=== Problem to work on ===
Find "This Galactic bodysuit" and "Suitable for Apple" in the records below. Copy the lines holding them and every line between, exactly, and no others.

=== Excerpted records ===
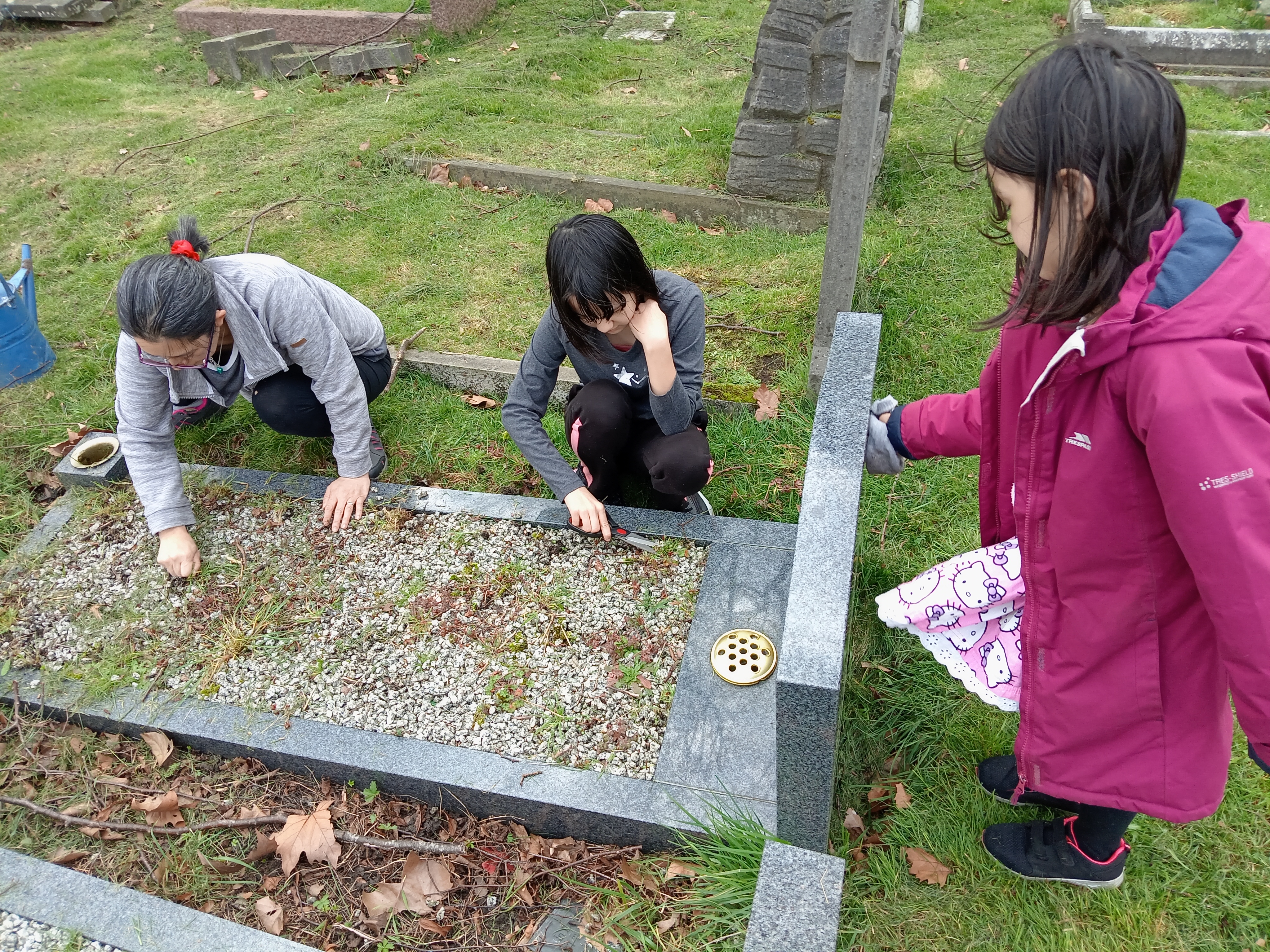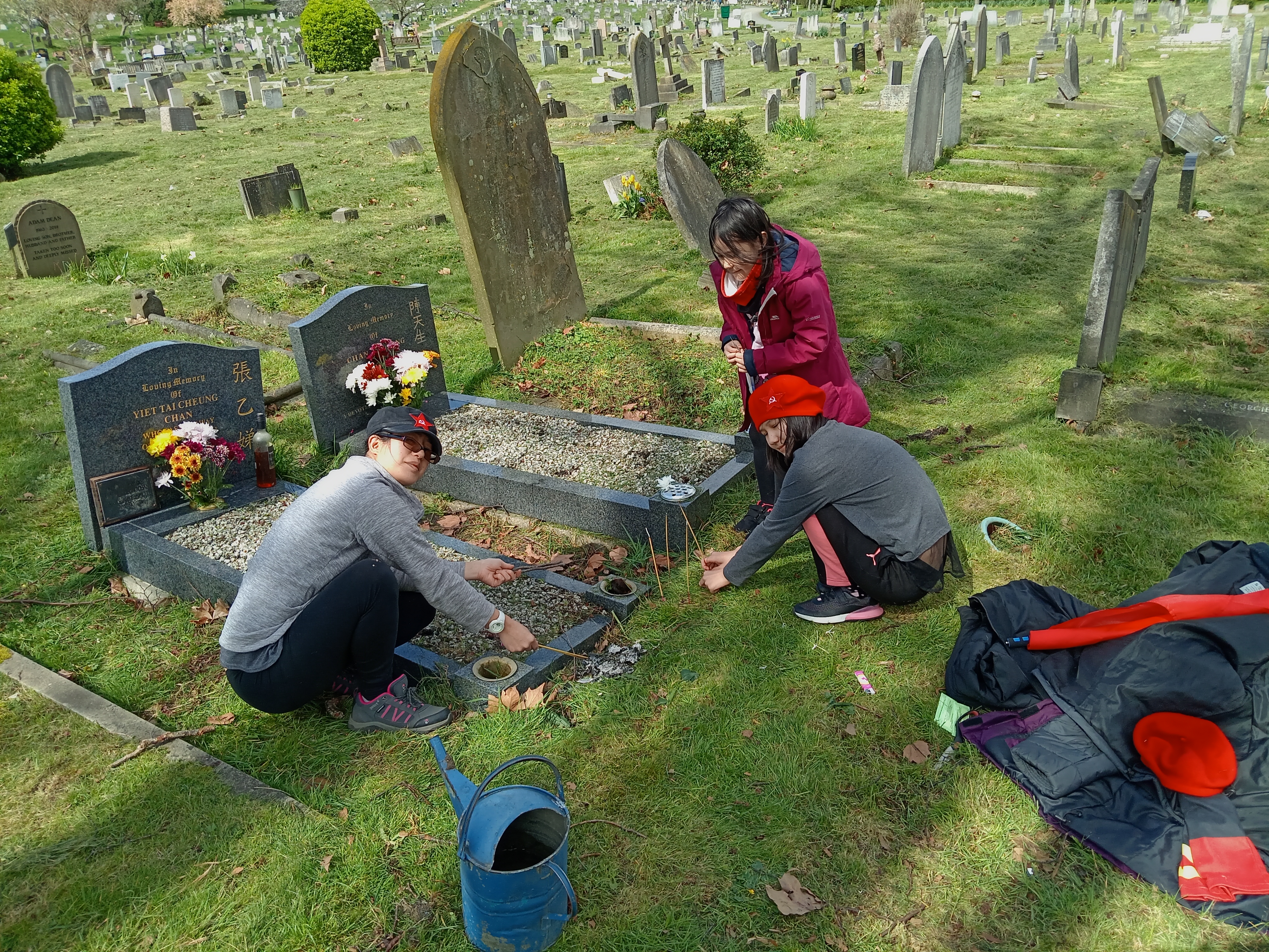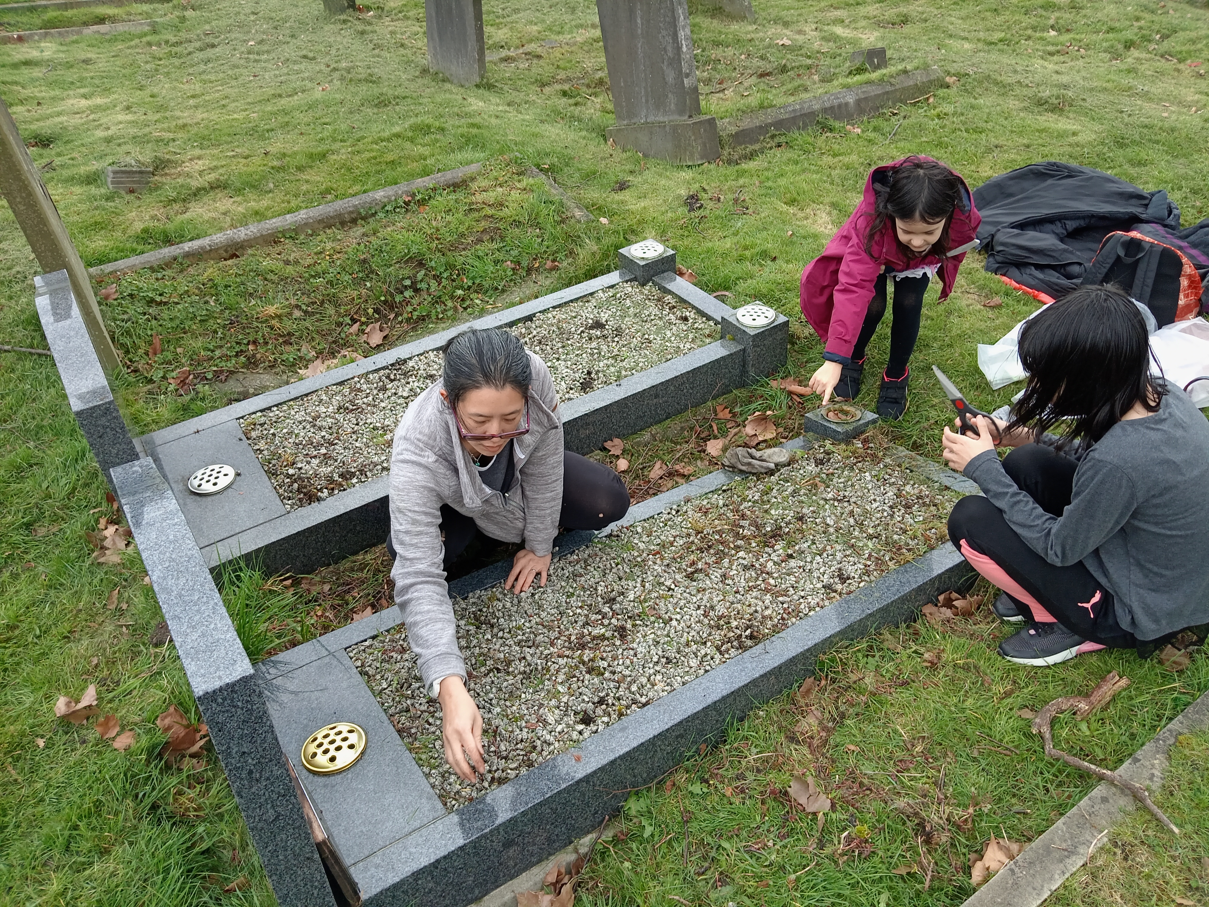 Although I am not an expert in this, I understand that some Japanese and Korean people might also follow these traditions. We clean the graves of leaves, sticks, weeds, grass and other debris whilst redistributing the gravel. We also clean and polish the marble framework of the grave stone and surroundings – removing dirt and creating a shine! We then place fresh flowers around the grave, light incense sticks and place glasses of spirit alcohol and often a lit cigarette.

---

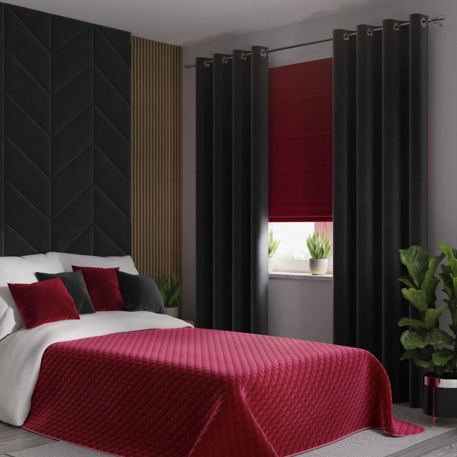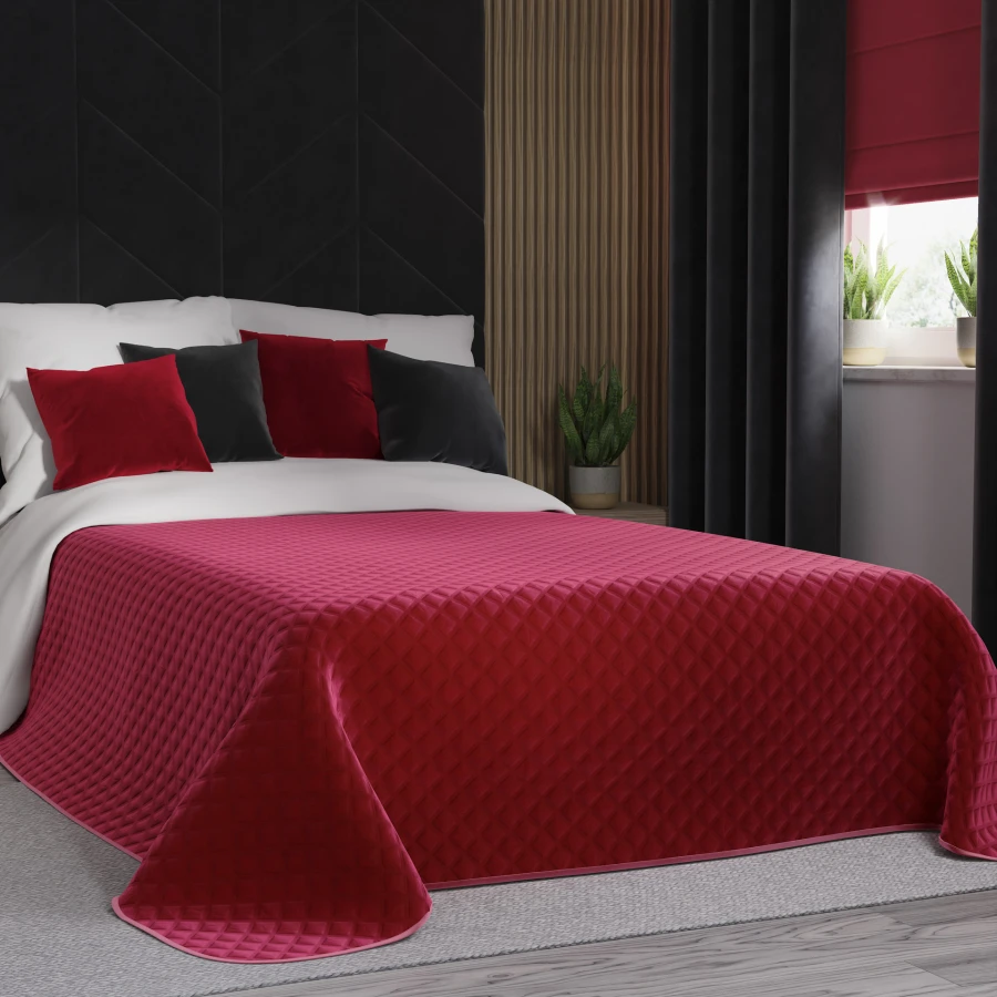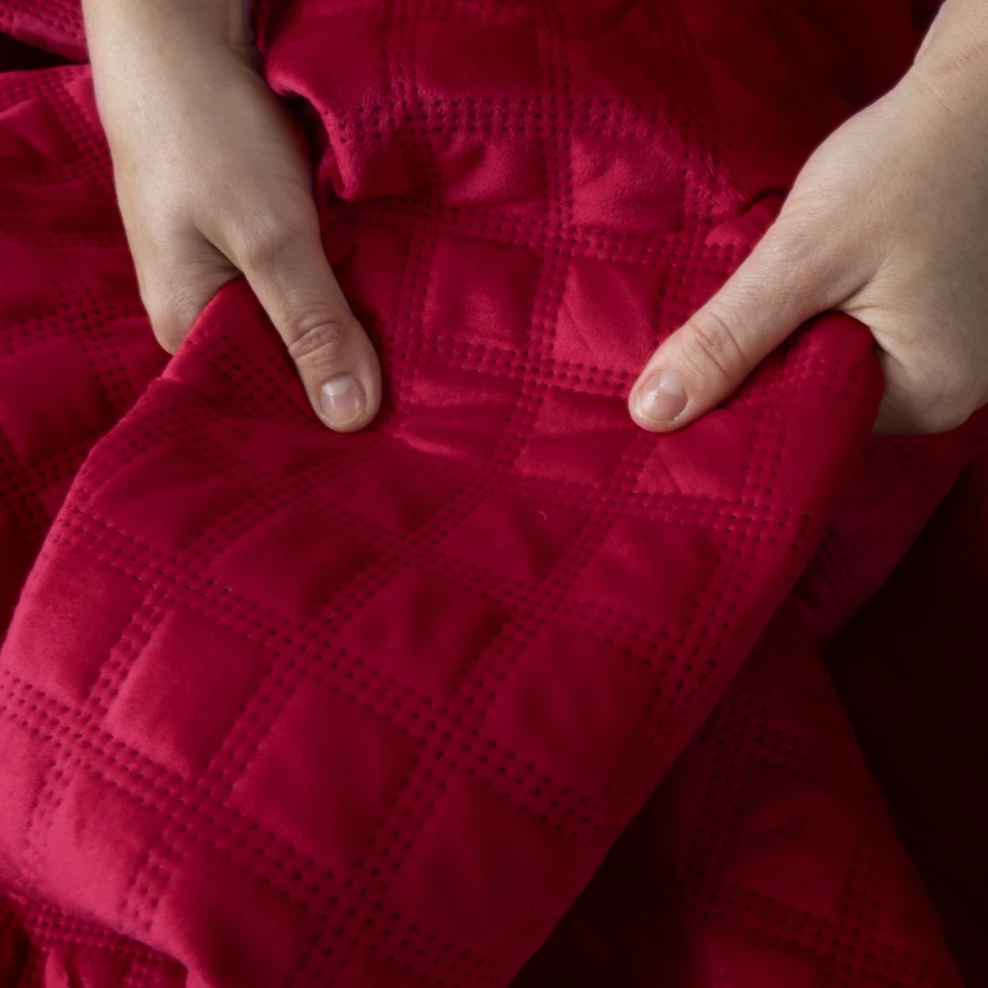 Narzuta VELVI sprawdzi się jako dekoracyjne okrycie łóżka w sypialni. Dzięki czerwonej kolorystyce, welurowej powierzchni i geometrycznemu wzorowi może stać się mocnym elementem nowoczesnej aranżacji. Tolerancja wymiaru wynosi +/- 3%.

---

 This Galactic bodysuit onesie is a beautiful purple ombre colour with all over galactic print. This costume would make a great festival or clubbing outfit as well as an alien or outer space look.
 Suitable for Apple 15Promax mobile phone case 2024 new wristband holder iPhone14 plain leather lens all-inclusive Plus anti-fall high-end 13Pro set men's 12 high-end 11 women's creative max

=== Task output ===
 This Galactic bodysuit onesie is a beautiful purple ombre colour with all over galactic print. This costume would make a great festival or clubbing outfit as well as an alien or outer space look.
 Suitable for Apple 15Promax mobile phone case 2024 new wristband holder iPhone14 plain leather lens all-inclusive Plus anti-fall high-end 13Pro set men's 12 high-end 11 women's creative max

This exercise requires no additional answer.